The New York Hydropathic and Physiological School founded by Russell Thacher Trall on October 1, 1853, at 15 Laight Street, in New York City was a hydropathic and medical school known for its advocacy of natural therapies and vegetarianism.

==History==

The New York Hydropathic and Physiological School is chiefly notable today as one of the first medical schools in the United States to admit women candidates for the Doctor of Medicine degree.
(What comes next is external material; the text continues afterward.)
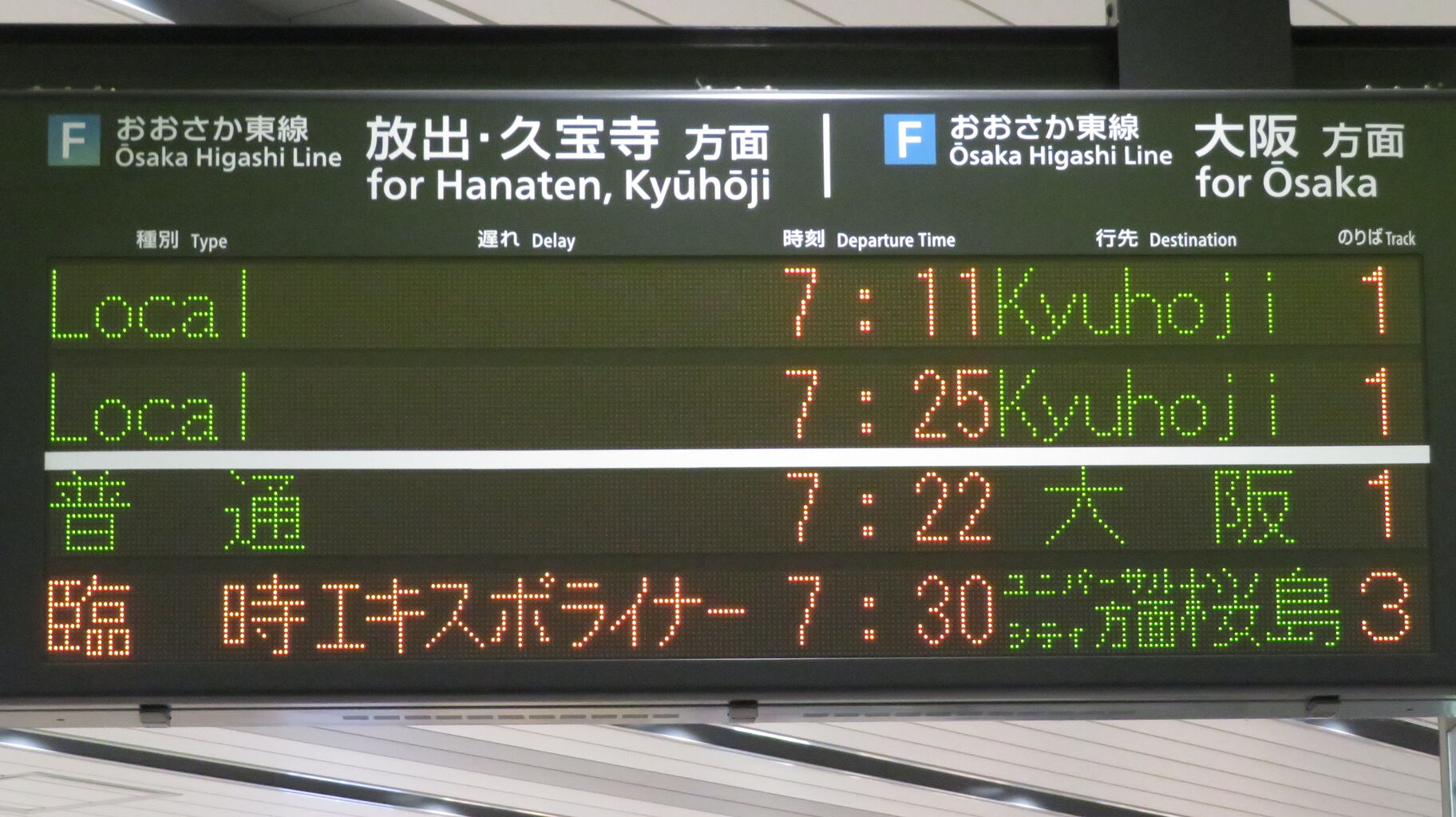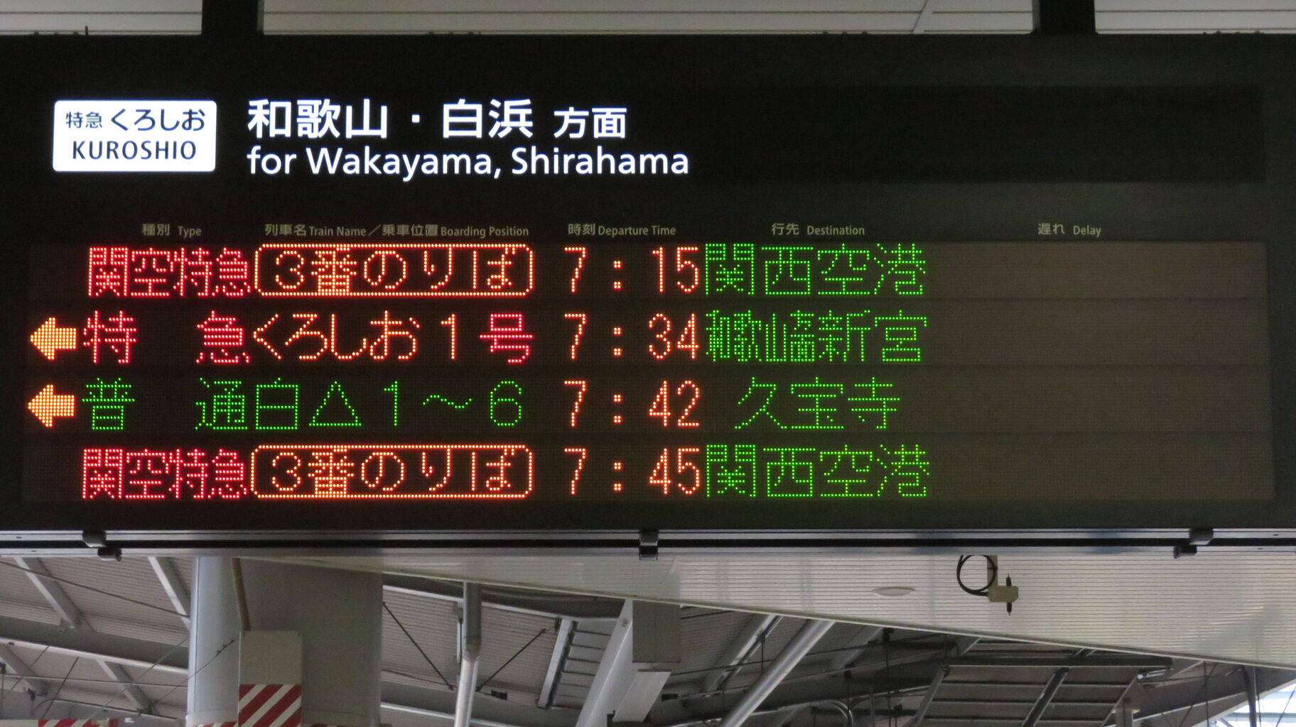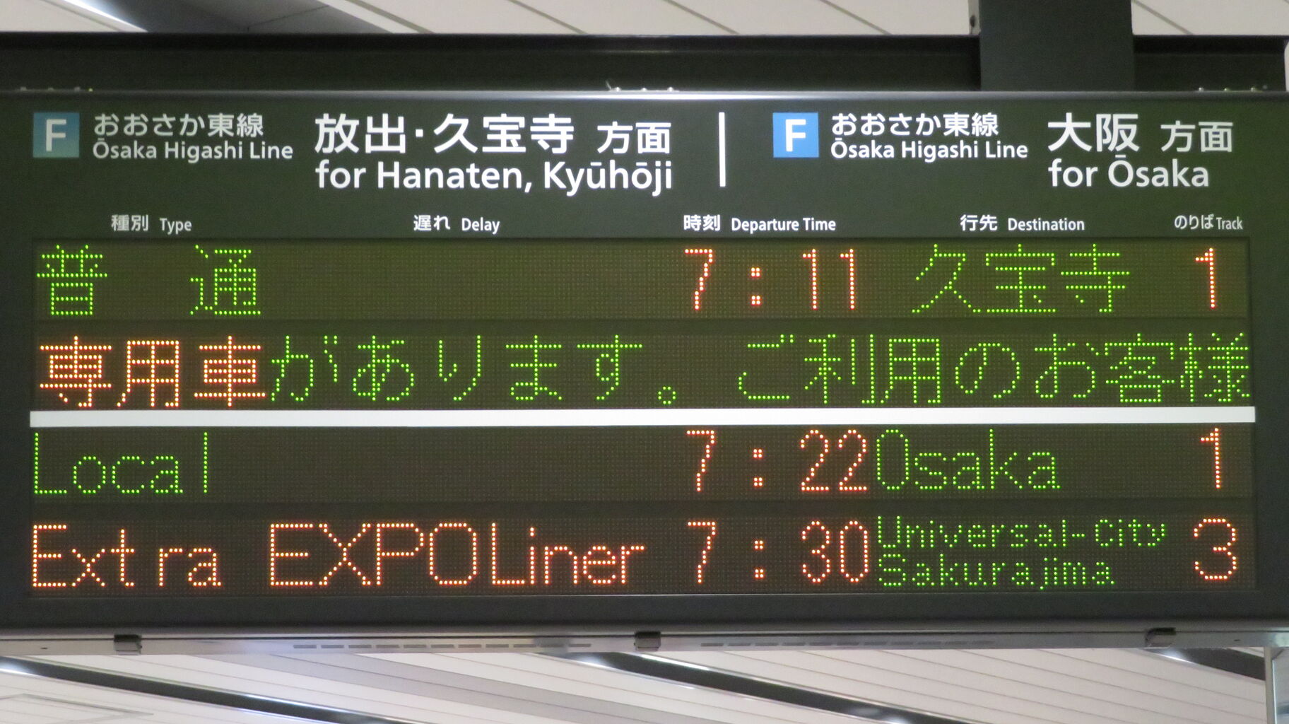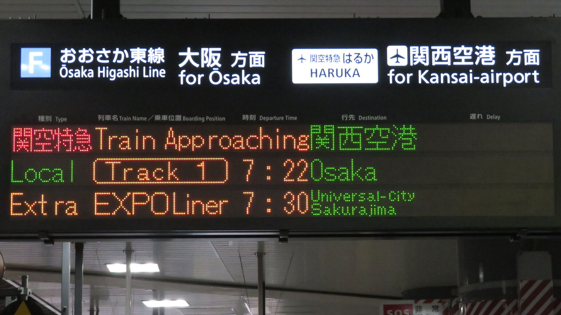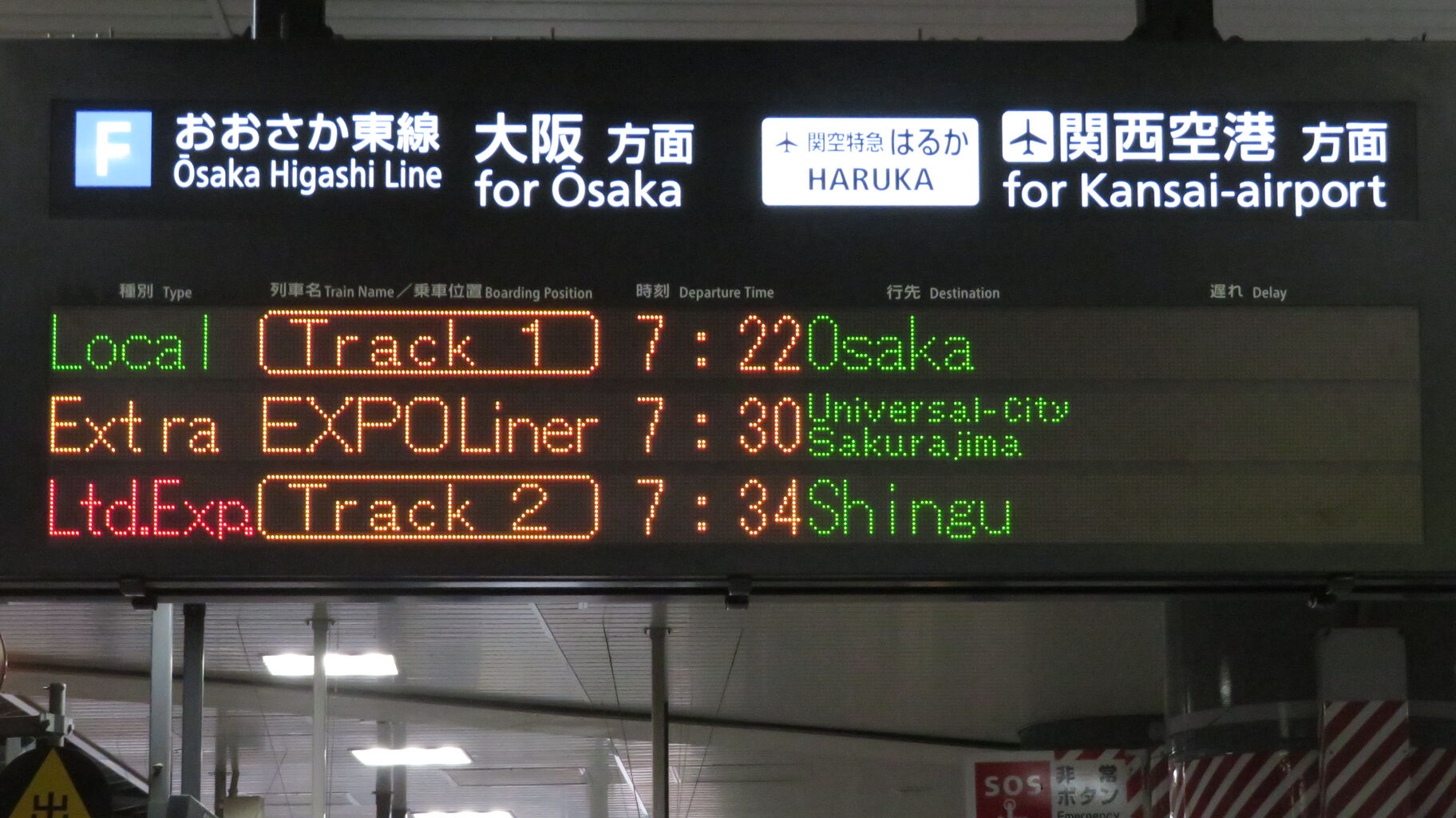 隣のホーム 3番のりばから発車する関空特急はるか 関西空港行きも表示されていますが、同じく3番のりばから発車する 7:30発のエキスポライナーは表示されませんでした。

New England Female Medical College in Boston was the first, opening its doors in 1848. In 1855 the school graduated 50 physicians, "...about half of which were women." By an act of the New York State Legislature in 1857 the school's name was changed to New York Hygeio-Therapeutic College and the school was authorized to confer the degree of Doctor of Medicine. In 1858, the school graduated another 60 physicians, and again the number of female graduates was about half that number.

The school emphasized hydropathy, also known as the "water cure," vegetarian dietary therapies, sanitation, hygiene, exercise, and abandoning most of the materia medica used by allopathic physicians. Founder Russell T. Trall was one of the first medical advocates of vegan nutrition The school moved to Florence, New Jersey by 1869 and continued in operation until 1875 when it was offered for sale. Trall died in 1877 and is buried in Florence, New Jersey.

==The Hygienic Institute==

At the same address on Laight Street, Trall also operated The Hygienic Institute. In the 1860s E. P. Miller was its proprietor and resident physician, whilst Trall remained consulting physician. Its female physician was Ellen Goodell Smith. In 1864, it was reported that the institute had treated more than 10,000 patients.